Since N=6, substitute 6 for N in the equation \(\frac{x – 3}{5} = N\), which gives \(\frac{x – 3}{5} = 6\).

Multiplying both sides of \(\frac{x – 3}{5}) = 6\) by 5 gives \(x – 3 = 30\)

and then adding 3 to both sides of \(x – 3 = 30\) then, \( x = 33\)

2- **C**

Method 1: Plugin the values of \(x\) and \(y\) provided in the options into both equations.

\( (4,3) → x+y=0→4+3≠0\)

\((5,4) → x+y=0→5+4≠0\)

\((4,-4) →x+y=0→4+(-4)=0\)

\((4,-6) →x+y=0→4+(-6)≠0\)

Only option C is correct.

3- **B**

The total number of pages read by Sara is 3 (hours she spent reading) multiplied by her rate of reading: \(N \ \frac{pages}{hour }× 3hours = 3N\)

Similarly, the total number of pages read by Mary is 4 (hours she spent reading) multiplied by her rate of reading:

\(M \space \frac{pages}{hour}× 4hours =4M \)

the total number of pages read by Sara and Mary is the sum of the total number of pages read by Sara and the total number of pages read by Mary: \(3N+4M\)

4- **C**

First, find the equation of the line. All lines through the origin are of the form \(y = mx\), so the equation is \(y=\frac{1}{3}x\). Of the given choices, only choice C (9,3), satisfies this equation:

\(y=\frac{1}{3}x→3=\frac{1}{3}(9)=3\)

5- **C**

First find the value of b, and then find \(f(3)\).

Since \(f(2) = 35\), substuting 2 for \(x\) and 35 for \(f(x)\) gives (35=b(2)^2+15=4b+15).

Solving this equation gives b = 5. Thus

\( f(x)=5x^2+15\)

\(f(3)=5(3)^2+15→f(3)=45+15\)

\( f(3)=60\)

6- **C**

You can find the possible values of a and b in \((ax + 4)(bx + 3)\) by using the given equation \(a + b = 7\) and finding another equation that relates the variables a and b.

Since \((ax+4)(bx+3)=10x^2+cx+12\), expand the left side of the equation to obtain \(abx^2+4bx+3ax+12=10x^2+cx+12\)

Since ab is the coefficient of \(x^2\) on the left side of the equation and 10 is the coefficient of \(x^2\) on the right side of the equation, it must be true that \(ab=10\)

The coefficient of x on the left side is \(4b + 3a\) and the coefficient of \(x\) in the right side is c. Then:

\(4b+3a=c\)

\(a + b = 7\), then: \(a = 7 – b\)

Now, plug in the value of a in the equation \(ab = 10\).
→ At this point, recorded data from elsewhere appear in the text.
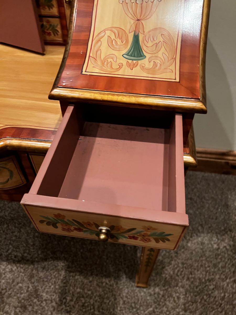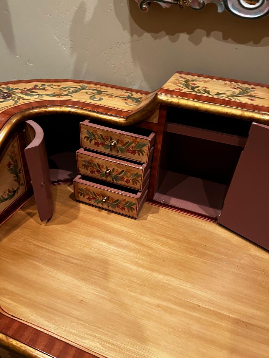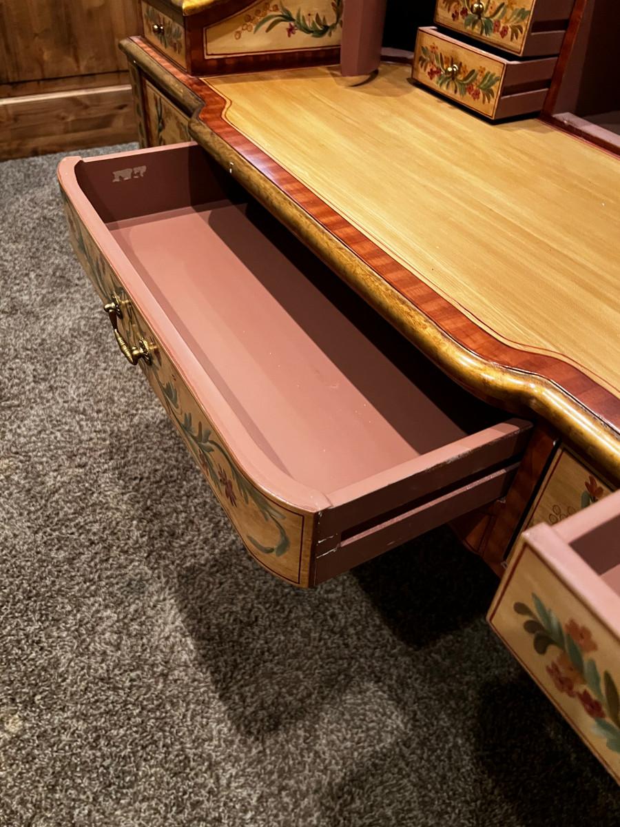 Antique reproduction 50" wide, 25" deep writing surface 30", total height 40". Good overall condition some wear and nicks from use. Most likely 20-30 years old.
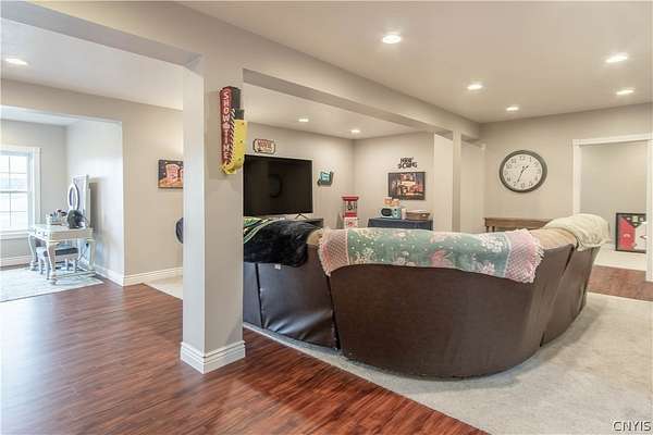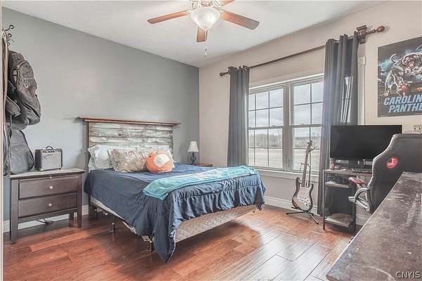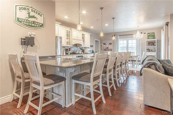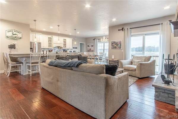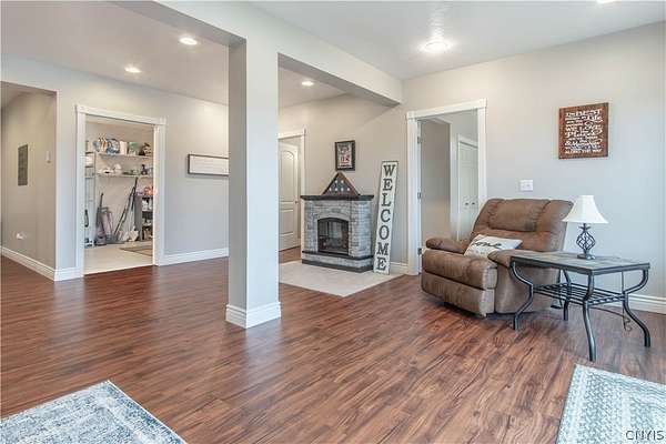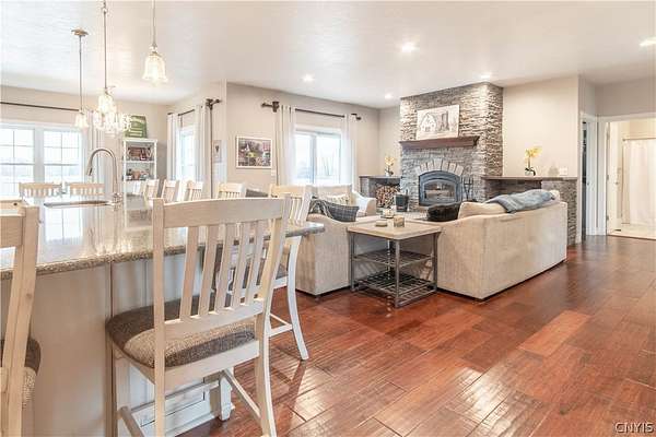 Simply stunning ranch home built in 2014. Every feature of this home has been strategically placed for the comfort and enjoyment of living. Open concept with A gorgeous kitchen. The cabinets were custom built by Black River Furniture Company, along with all of the bathroom cabinets. They all have soft closing features. New faucets. The countertops are beautiful quartz with a complementing backsplash. There is additional space in the walk-in pantry for added storage. The floors throughout are engineered hardwood within floor heating. The focal point of this home is the breath-taking wood burning fireplace with individual hand laid stone from floor to ceiling. The primary bedroom has a spacious bathroom with a corner tub and walk-in shower. There is also a large walk-in closet. The rest of the 1st. floor has 2 more spacious bedrooms, a full guest bath and a half bath. Downstairs, the walk-out basement is another world! This wonderful additional space features 3 bedrooms with a full bath. There is a large additional living room and a fantastic laundry room. Walk-out to the back yard and enjoy the 2.98 acres of land. So many options for this space! This dream home finishes it off with a 2-stall attached, heated garage. New boiler in 2024! Short drive to Ft. Drum and local amenities.
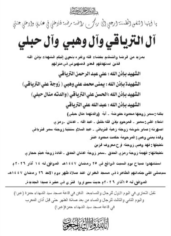 الشهداء علي الترياقي وزوجته يمنى وهبي وولداه الحسن وعبد الله في ذمة الله
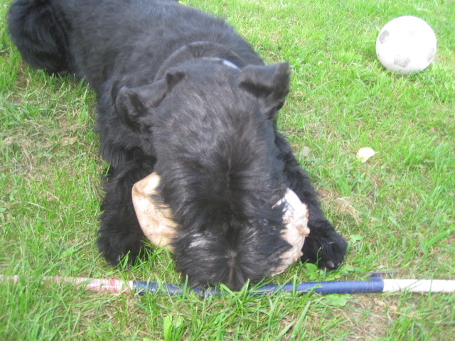 -У-у-у, я был у страшной ведьмы- колдуньи, она превращала меня в ризеншнауцера!!!Она щипала меня и за спинку, и за хвостик,и за лапы, и за шею, и даже за голову...ох и намучился же я, если бы не баранковые "таблетки" храбрости и терпения, совсем было бы тяжело...Но , смотри, я ведь уже совсем Шнауцер...
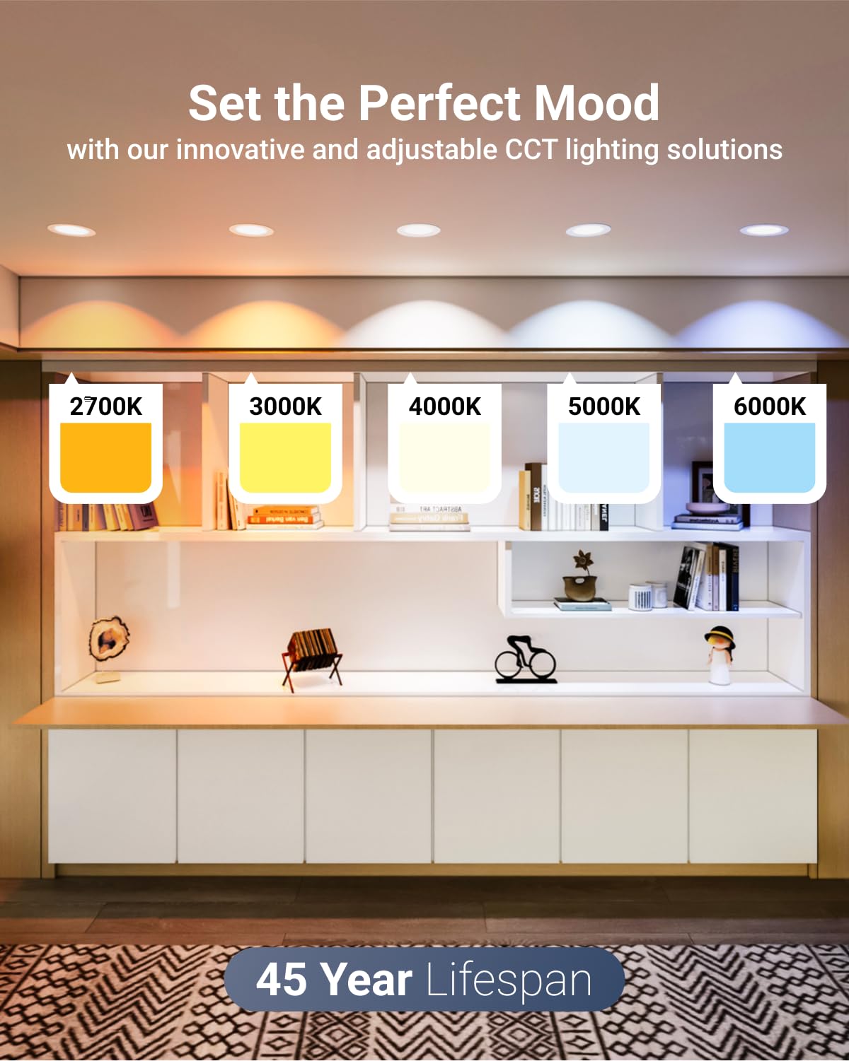 Q: What are the selectable color temperatures for the Sunco 6 Inch LED Recessed Ceiling Lights?A: The Sunco 6 Inch LED Recessed Ceiling Lights offer adjustable color temperatures of 2700K, 3000K, 4000K, 5000K, and 6000K, allowing you to customize the ambiance of your space.
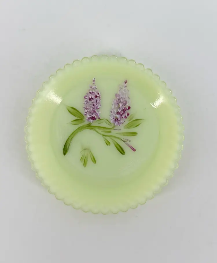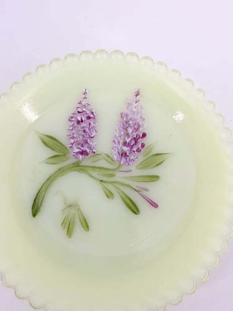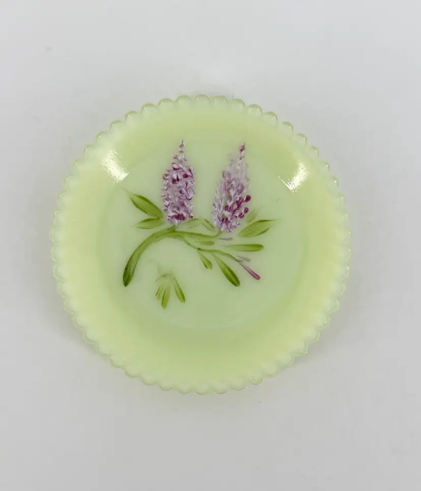 It measures 3.5" in diameter and is in excellent condition. There are no cracks, breaks, chips or repairs. (See photos).

Then:

\(ab=10→(7-b)b=10→7b-b^2=10\)

Add \(-7b+b^2\) both sides. Then:

\(b^2-7b+10=0\)

Solve for \(b\) using the factoring method.
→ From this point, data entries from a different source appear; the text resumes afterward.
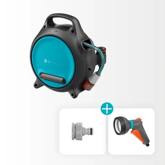 A Move hordozható tömlődoboz minden szükséges tartozékot tartalmaz az öntözéshez. A termék tartalmaz egy Classic Öntözőfejet, készüléktartót és Csapelemet adapterrel.
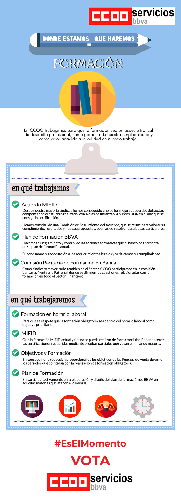 En CCOO trabajamos para que la formación sea un aspecto troncal de desarollo profesional,como garantía de nuestra empleabilidad y como valor añadido a la calidad de nuestro trabajo.
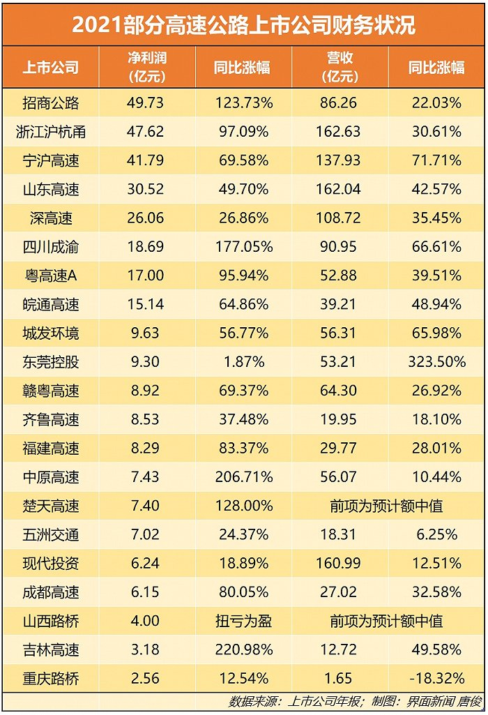 高速公路上市公司2021年收入大涨,部分企业利润翻倍
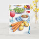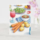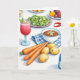 Designed with a bright still-life scene, this card shows an inviting spread of food arranged on a white tabletop, where the close placement of ingredients feels like a shared meal between friends ❤️. In the foreground, unpeeled potatoes and three orange carrots sit side by side, their gentle shadows and tidy spacing creating a cozy, cared-for look. A curved red chili pepper arcs nearby, adding a little spark of energy, like a teasing wink across the table. Off to one side, a stemmed glass holds a deep red drink with mint and thin yellow fruit slices, catching the light like a small toast. Next to it, a white bowl is filled with brown grains topped with a tiny green sprig, suggesting something hearty meant to be passed around. In the mid-ground, a green salad dotted with small white rounds and orange bits adds fresh contrast, while the lighting stays even and bright 🌼. The greeting text sits near the top in a warm red tone, and a folded blue-and-white checkered cloth rests along the lower edge of the arrangement.
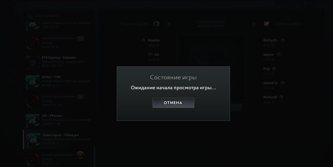 Если найти игры через вкладку «Просмотр», то в матчах 9Pandas – OG и Virtus.proLiquid идет бесконечная загрузка.
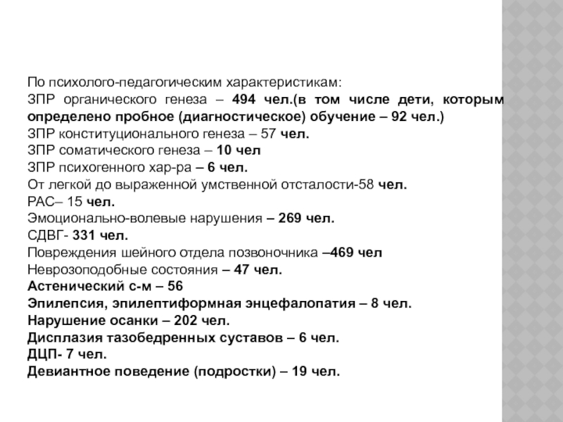 ЗПР органического генеза – 494 чел.(в том числе дети,
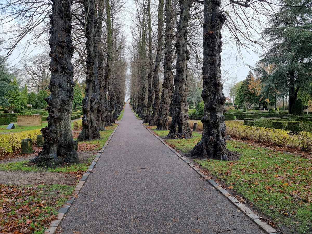 Den markante allé er et karakteristisk træk som understreger kirkegården opbygning omkring en akse. Træerne er sårbare overfor fældning.
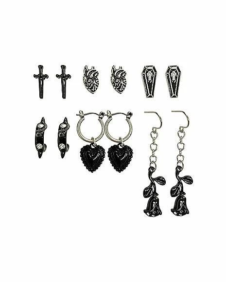 Outlet βοΈ Multi Pack Rose Heart Spike Coffin Hoop Dangle and Stud Earrings – 6 Pack π₯°
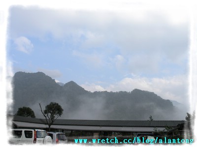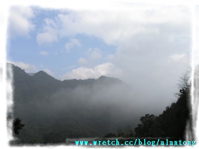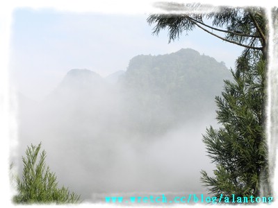 雲霧起時, 彷若巨浪蓋上孤島, 雲霧繚繞間, 直分不清是浪頭淹過了小島, 還是小島破開浪頭.
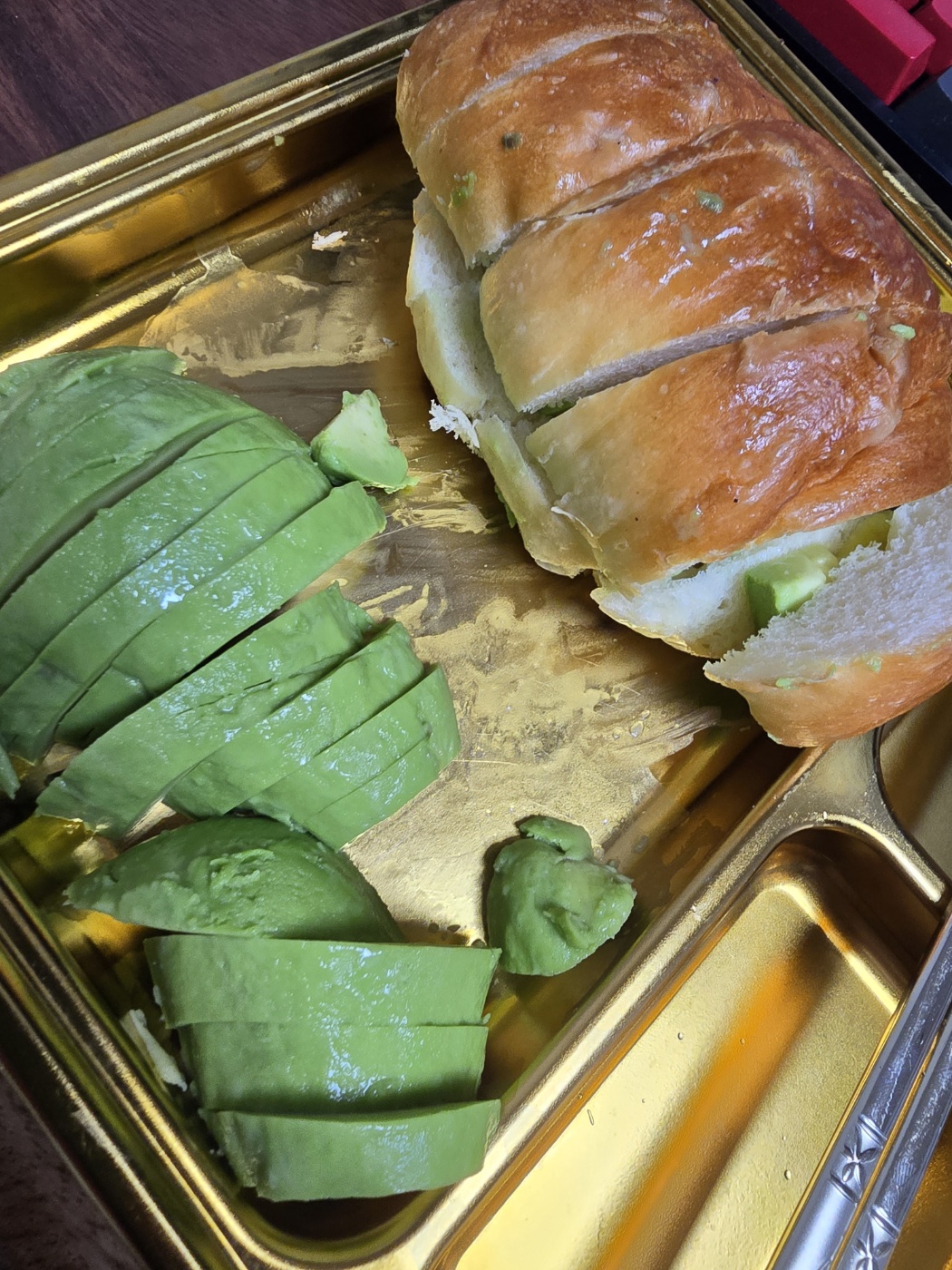 야식으로 먹은 소금빵에 아보카도를 넣어서 먹었다.

\(b^2-7b+10=0→(b-5)(b-2)=0\)

Thus, either \(b=2\) and \(a = 5\), or \(b = 5\) and \(a = 2\). If \(b = 2\) and \(a = 5\), then:

\(4b+3a=c→4(2)+3(5)=c→c=23\)

If 5 = 2 and a = 2, then

\(4b+3a=c→4(5)+3(2)=c→c=26\)

Therefore, the two possible values for c are 23 and 26.

7- **A**

To rewrite \(\frac{1}{\frac{1}{x – 5} + \frac{1}{x + 4}}\), first simplify \(\frac{1}{x – 5} + \frac{1}{x + 4}\)

\(\frac{1}{x – 5} + \frac{1}{x + 4}= \frac{1(x+4)}{(x-5)(x+4)}+ \frac{1(x-5)}{(x+4)(x-5)}=\frac{(x+4)+(x-5)}{(x+4)(x-5)}\)

Then:

\(\frac{1}{\frac{1}{x – 5} + \frac{1}{x + 4}}= \frac{1}{\frac{(x+4)+(x-5)}{(x+4)(x-5)}

}= \frac{(x-5)(x+4)}{(x-5)+(x+4)}\)

(Remember, \(\frac{1}{\frac{1}{x}} = x\))
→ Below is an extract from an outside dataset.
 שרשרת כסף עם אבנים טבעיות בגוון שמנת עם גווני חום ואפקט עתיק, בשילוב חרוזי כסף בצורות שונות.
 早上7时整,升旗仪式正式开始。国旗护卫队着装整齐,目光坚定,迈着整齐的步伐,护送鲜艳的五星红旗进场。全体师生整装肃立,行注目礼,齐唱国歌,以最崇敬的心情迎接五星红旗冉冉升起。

This result is equivalent to the expression in choice A.

8- **D**

The problem asks for the sum of the roots of the quadratic equation (2n^2+16n+24=0). Dividing each side of the equation by 2 gives (n^2+8n+12=0).

If the roots of \(n^2+8n+12=0\) are \(n_{1}\) and \(n_{2}\),

then the equation can be factored as \(n^2+8n+12=(n – n_{1})(n – n_{2} )=0\).

Looking at the coefficient of n on each side of \(n^2+8n+12 = (n + 6)(n+2)\) gives \(n=-6\) or \(n=-2\)

then,

\(-6+(-2)=-8\)

9- **D**

To perform the division \(\frac{3 + 2i}{5+i}\), multiply the numerator and denominator of \(\frac{3+2i}{5+1i}\) by the conjugate of the denominator, \(5 – i\).

This gives \(\frac{(3+2i)(5-i)}{(5+1i)(5-i)}=\frac{15-3i+10i-2i^2}{5^2-i^2}\).

Since \(i^2=-1\), this can be simplified to

\(\frac{15-3i+10i+2}{25+1}=\frac{17+7i}{26}\).

10- **B**

The input value is 5. Then: \(x = 5\)

\(f(x)=x^2-3x→ f(5)=5^2-3(5)=25-15=10\)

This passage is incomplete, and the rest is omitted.